_Try it_
Find the line with "从机制设计来看,柠小满定位为" in the records below. Copy it and every line after it, up to and including the line with "Evco c-pro 3".

_Input data_

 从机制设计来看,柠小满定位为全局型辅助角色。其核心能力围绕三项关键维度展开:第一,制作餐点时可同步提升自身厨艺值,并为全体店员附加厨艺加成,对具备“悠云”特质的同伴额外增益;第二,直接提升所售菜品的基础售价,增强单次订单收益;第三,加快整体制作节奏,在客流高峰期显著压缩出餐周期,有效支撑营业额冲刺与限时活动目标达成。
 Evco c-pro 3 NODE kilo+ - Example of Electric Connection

* * *

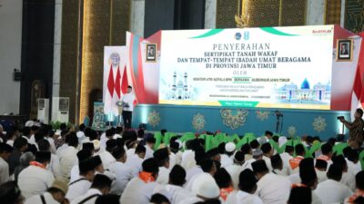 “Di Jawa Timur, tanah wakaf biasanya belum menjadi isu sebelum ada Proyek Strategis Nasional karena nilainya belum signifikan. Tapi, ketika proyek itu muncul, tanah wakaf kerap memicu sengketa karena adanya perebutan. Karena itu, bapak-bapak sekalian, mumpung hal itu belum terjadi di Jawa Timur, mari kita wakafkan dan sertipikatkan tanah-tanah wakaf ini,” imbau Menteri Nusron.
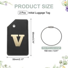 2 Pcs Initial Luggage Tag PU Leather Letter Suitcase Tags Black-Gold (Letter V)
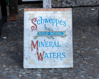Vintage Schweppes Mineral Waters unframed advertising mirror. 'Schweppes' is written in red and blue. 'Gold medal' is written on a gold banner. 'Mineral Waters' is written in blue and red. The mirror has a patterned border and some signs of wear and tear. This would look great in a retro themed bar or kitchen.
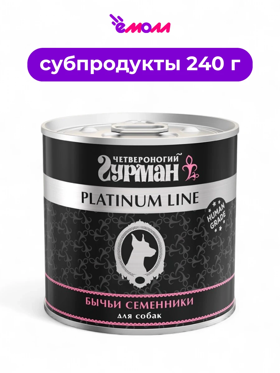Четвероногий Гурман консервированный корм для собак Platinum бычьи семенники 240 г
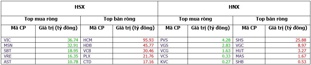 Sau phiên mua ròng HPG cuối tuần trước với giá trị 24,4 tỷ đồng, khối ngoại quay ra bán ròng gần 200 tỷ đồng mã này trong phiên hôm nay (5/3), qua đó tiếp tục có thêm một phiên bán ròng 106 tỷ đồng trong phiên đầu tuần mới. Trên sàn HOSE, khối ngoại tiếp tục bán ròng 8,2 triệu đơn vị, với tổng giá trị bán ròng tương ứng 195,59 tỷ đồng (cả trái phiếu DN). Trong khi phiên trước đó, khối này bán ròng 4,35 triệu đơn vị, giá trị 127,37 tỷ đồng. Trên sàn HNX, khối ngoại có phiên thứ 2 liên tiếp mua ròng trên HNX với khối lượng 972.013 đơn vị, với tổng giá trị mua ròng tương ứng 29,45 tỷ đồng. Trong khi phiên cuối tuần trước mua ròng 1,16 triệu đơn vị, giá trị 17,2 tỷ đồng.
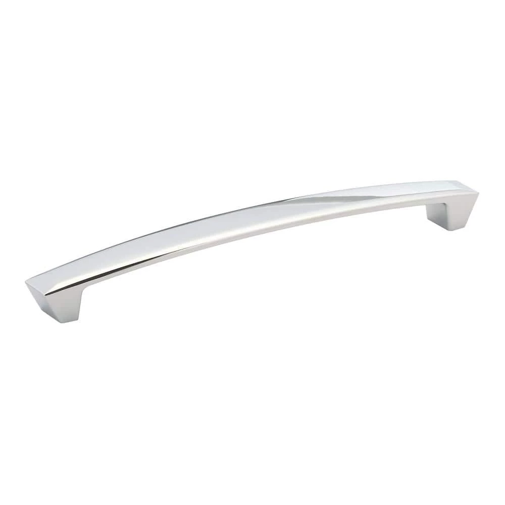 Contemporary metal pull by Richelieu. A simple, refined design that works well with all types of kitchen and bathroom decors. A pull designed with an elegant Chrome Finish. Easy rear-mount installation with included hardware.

...

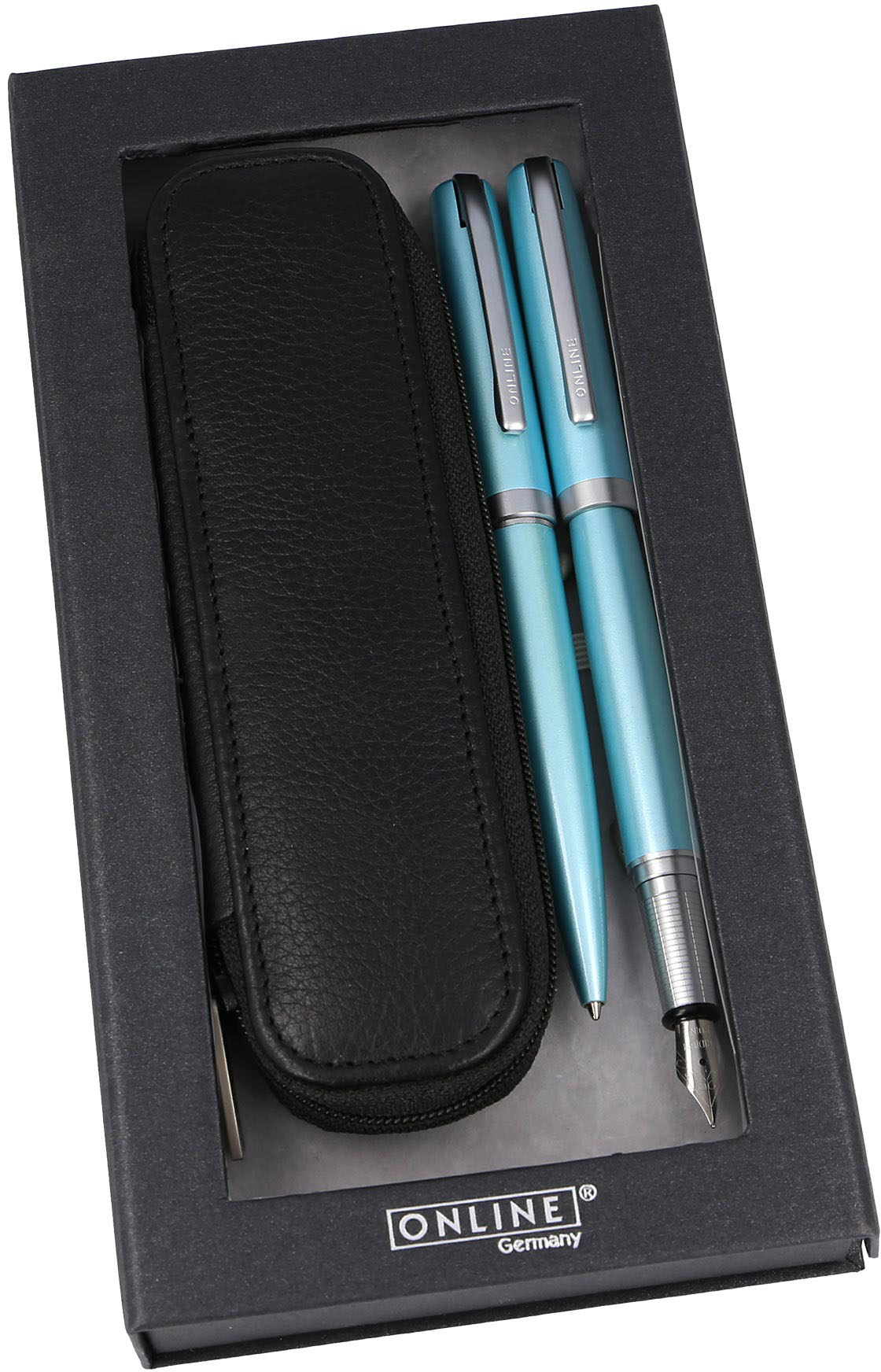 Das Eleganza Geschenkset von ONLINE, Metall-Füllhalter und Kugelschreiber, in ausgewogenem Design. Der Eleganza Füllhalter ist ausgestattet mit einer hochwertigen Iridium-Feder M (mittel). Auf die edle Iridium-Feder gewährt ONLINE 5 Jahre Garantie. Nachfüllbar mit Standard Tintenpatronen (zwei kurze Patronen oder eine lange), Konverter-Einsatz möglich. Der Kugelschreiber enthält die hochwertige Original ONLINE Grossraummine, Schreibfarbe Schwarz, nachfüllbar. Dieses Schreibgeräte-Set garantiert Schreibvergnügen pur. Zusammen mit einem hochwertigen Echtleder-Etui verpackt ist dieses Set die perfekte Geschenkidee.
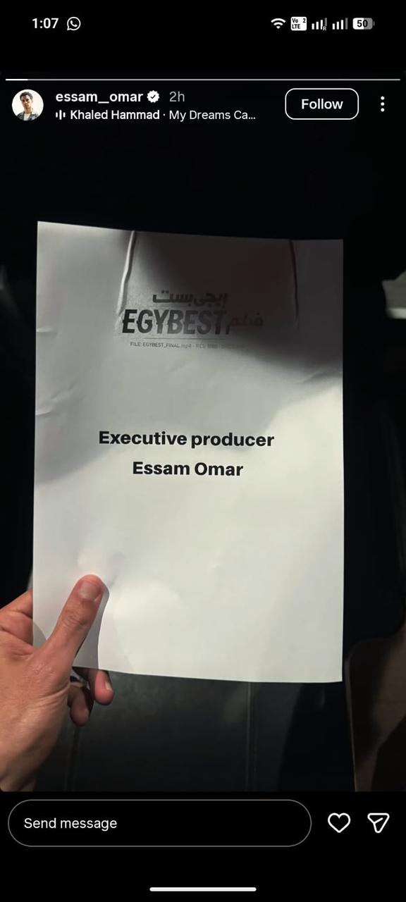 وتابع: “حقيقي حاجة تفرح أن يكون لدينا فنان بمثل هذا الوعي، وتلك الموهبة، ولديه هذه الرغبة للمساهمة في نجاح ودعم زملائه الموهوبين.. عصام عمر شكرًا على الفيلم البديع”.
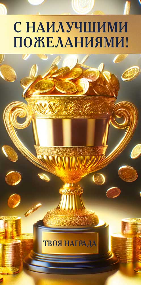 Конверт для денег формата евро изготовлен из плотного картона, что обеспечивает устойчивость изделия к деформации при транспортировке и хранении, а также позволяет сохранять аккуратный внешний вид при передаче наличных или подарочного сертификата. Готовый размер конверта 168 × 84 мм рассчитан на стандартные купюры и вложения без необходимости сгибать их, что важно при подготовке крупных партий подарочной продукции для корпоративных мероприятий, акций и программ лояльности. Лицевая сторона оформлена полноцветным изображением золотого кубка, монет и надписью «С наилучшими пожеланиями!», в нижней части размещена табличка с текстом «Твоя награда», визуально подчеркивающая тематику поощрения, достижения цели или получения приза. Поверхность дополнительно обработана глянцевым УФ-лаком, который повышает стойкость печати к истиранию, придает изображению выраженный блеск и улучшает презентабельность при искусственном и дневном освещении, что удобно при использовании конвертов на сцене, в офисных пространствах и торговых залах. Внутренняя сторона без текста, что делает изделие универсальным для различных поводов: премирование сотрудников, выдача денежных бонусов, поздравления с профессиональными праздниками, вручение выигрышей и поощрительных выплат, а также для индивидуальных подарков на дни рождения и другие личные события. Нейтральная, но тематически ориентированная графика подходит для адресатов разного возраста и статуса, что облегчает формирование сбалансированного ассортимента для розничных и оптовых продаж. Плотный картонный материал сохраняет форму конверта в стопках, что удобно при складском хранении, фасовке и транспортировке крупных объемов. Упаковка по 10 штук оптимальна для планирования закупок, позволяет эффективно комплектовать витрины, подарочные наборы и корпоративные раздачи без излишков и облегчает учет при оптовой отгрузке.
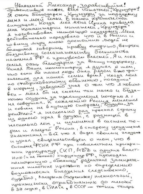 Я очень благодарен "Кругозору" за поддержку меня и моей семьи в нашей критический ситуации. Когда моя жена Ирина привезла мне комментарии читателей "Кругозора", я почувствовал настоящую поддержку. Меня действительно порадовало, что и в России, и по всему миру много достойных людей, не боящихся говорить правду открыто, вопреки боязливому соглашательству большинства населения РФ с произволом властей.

_Response area_
 从机制设计来看,柠小满定位为全局型辅助角色。其核心能力围绕三项关键维度展开:第一,制作餐点时可同步提升自身厨艺值,并为全体店员附加厨艺加成,对具备“悠云”特质的同伴额外增益;第二,直接提升所售菜品的基础售价,增强单次订单收益;第三,加快整体制作节奏,在客流高峰期显著压缩出餐周期,有效支撑营业额冲刺与限时活动目标达成。
 Evco c-pro 3 NODE kilo+ - Example of Electric Connection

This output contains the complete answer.